In the current situation, the XGBoost model that I have trained is only producing a single class for the unseen dataset though the accuracy that I have received on then validation set is around 64% which is not bad for my use case.
In my current use case, I am trying to predict a target class for each text written and these are 18 odd classes and the total data set size is just over a 1000 rows (very small) but my primary question is that why XGB is only producing a single class.

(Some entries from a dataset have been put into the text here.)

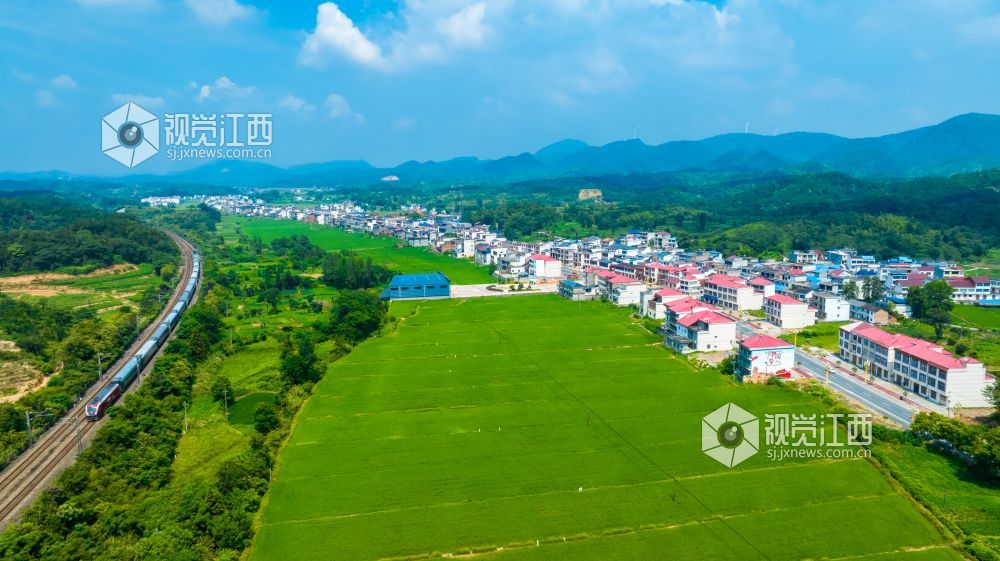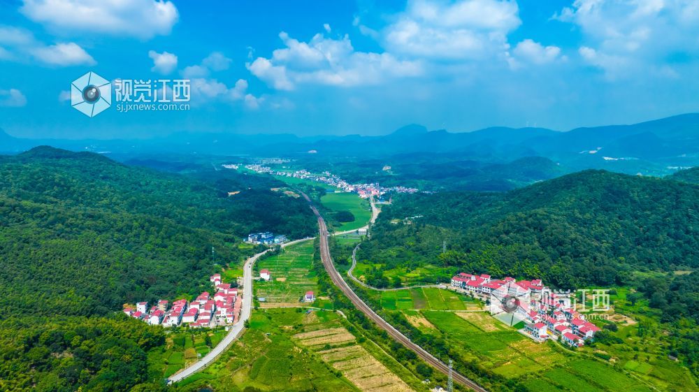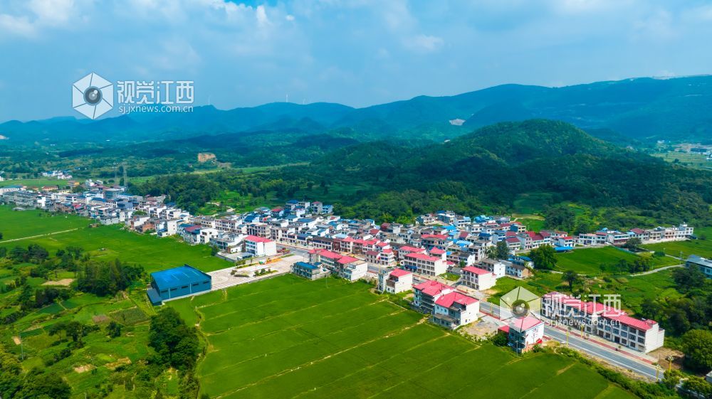 2023年8月3日,俯瞰蓝天白云下的江西省瑞昌市黄金乡,连绵的青山、多彩的民居和绿色的田园交相辉映,勾勒出一幅生机盎然的山乡生态画卷。
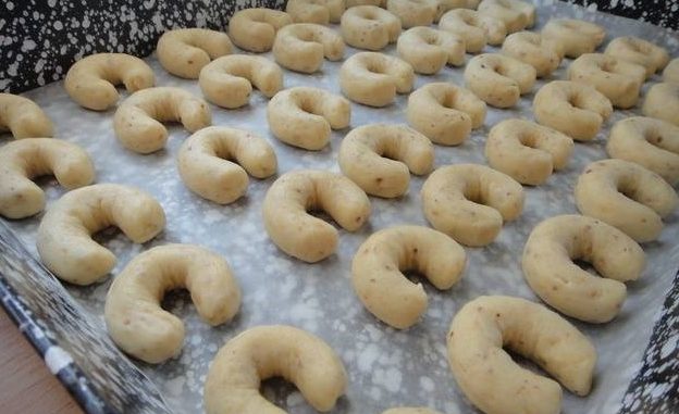 Sastojci:350g brasna (pola mekog i pola ostrog),100g mljevenih oraha ili przenih ljesnjaka,200g margarina ili maslaca,80g secera u prahu,1 bjelanjak,secer u prahu za uvaljivanje kiflica.
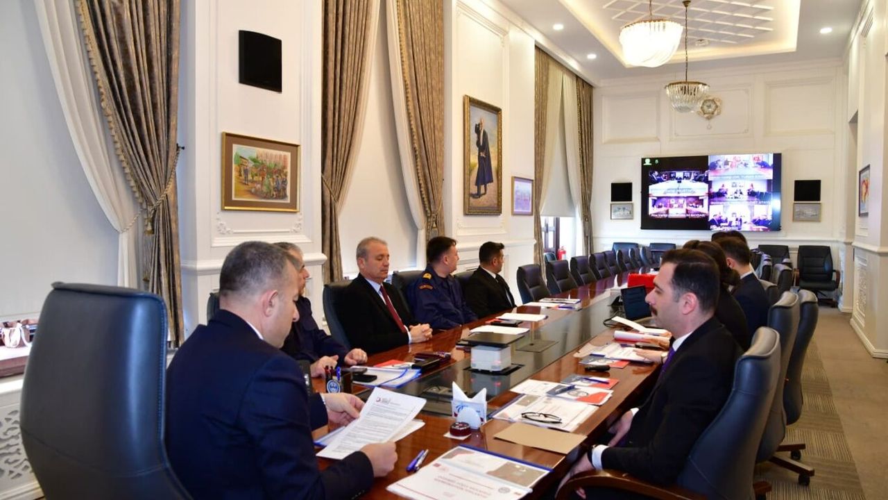 Valilik Toplantı Salonu’nda VKS (Video Konferans Sistemi) yoluyla gerçekleştirilen toplantıya bölge valileri ile emniyet, jandarma, sahil güvenlik ve göç idaresi yetkilileri katıldı.
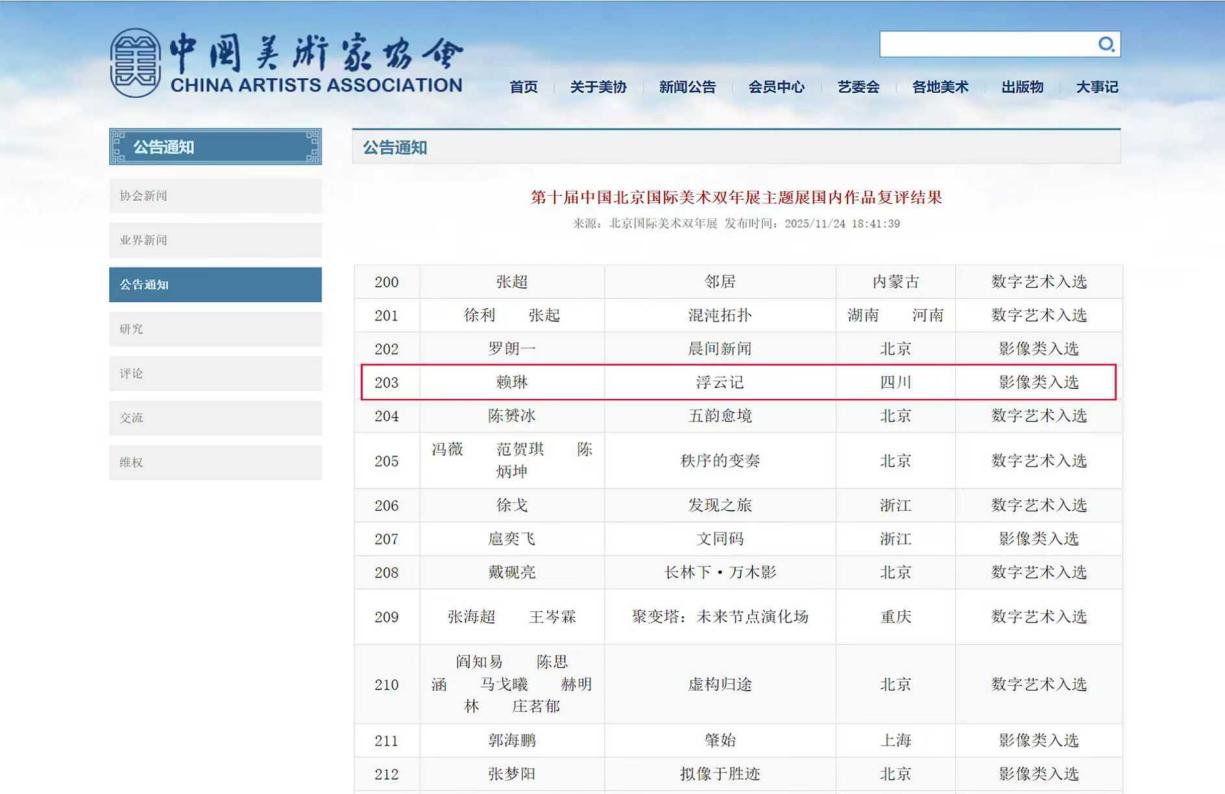 第十届中国北京国际美术双年展复评结果近日揭晓,我校美术学院赖琳副教授创作的影像作品《浮云记》成功入选本届双年展影像类主题展览。该作品为一套综合性艺术系列,包括一部4K超高清油画动画短片(时长5分48秒)、1226幅原创写意油画、6首动画原声音乐、相关衍生品开发以及沉浸式数字艺术影像展演。本届双年展影像类全国入选作品仅9件,此次入选是继2005年美术学院王毅副教授油画作品《山沟沟》参展第二届北京国际双年展后,我校再次有作品登上这一国际艺术舞台。
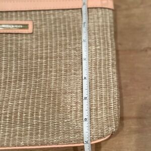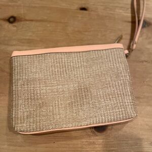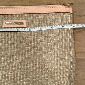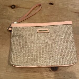 NWOT Nanette Lepore woven brown peach clutch accessory bag gold accents OS
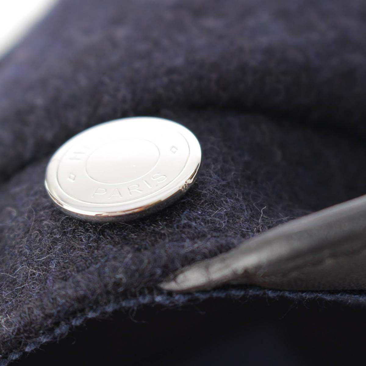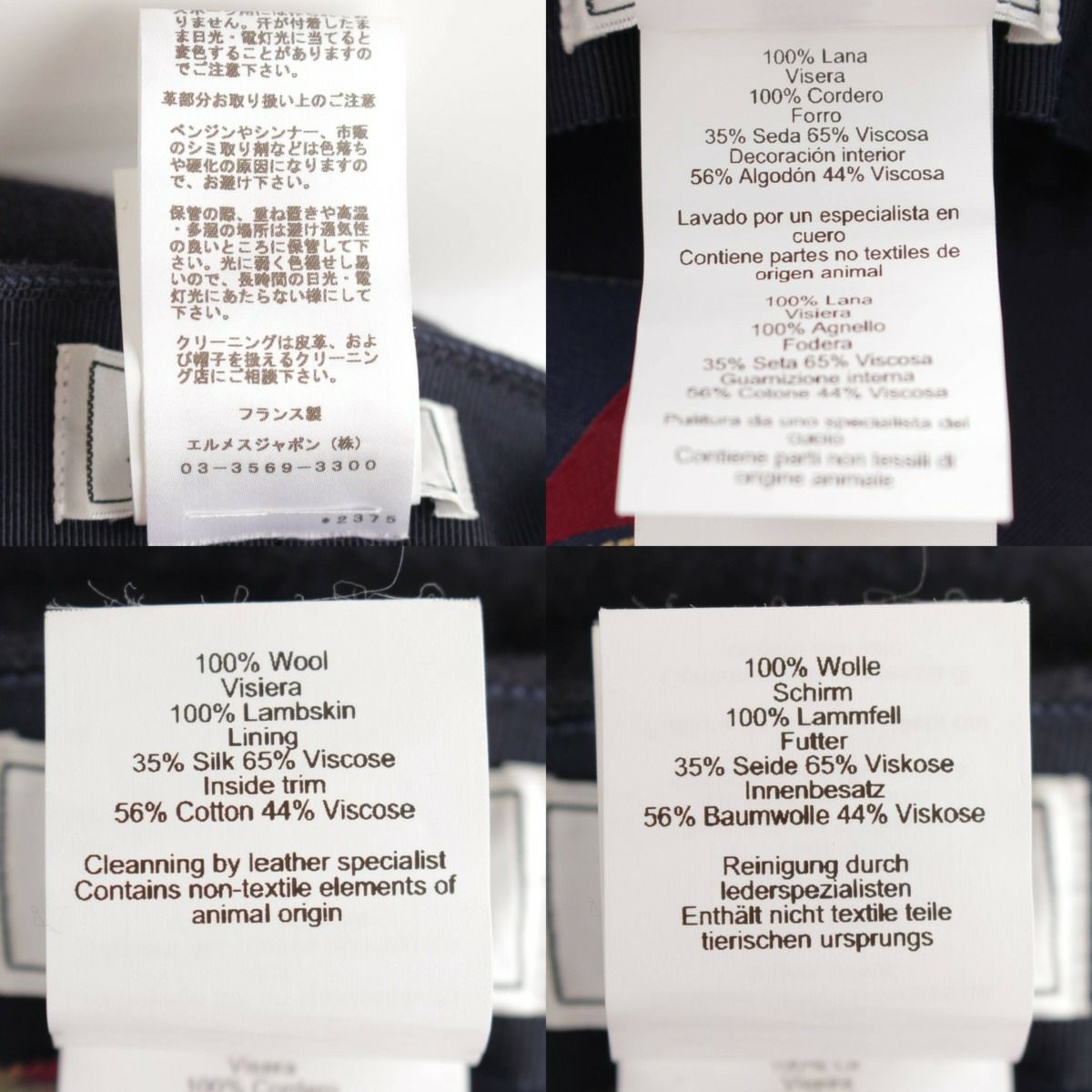 エルメス セリエボタン ロゴ ウール×レザー キャスケット 帽子 ネイビー×ブラック 57

I am using the following code to achieve this:
#tf-idf verctor representation
tfidf_vect = TfidfVectorizer(analyzer='word',
stop_words=stopwords_custom,
max_features=total_features,
lowercase=True)
fitted_vectorizer = tfidf_vect.fit(X_train)
xtrain_tfidf = fitted_vectorizer.transform(X_train)
xval_tfidf = fitted_vectorizer.transform(X_val)
#Running the XGB model
xgb_params = {"max_depth": (3,5,7),'n_estimators': (50,100,150),
'reg_alpha':[0.1,0.5,1],'reg_lambda':[1,1.5,2],'min_child_weight':[2,4,6]}
from xgboost import XGBClassifier
xgb_clf = XGBClassifier()
grid_xgb = GridSearchCV(estimator=xgb_clf,
param_grid=xgb_params,
cv=5,
n_jobs=-1)
grid_xgb.fit(xtrain_tfidf,y_train)
print(grid_xgb.best_params_)
print(grid_xgb.best_score_)
#Training the model with best params
final_xgb = XGBClassifier(max_depth = 5,
reg_alpha = 1,
reg_lambda = 1,
n_estimators = 100,
objective='multi:softmax',num_class=18,
random_state=42)
final_xgb.fit(xtrain_tfidf,y_train)
final_xgb_predict = final_xgb.predict(xval_tfidf)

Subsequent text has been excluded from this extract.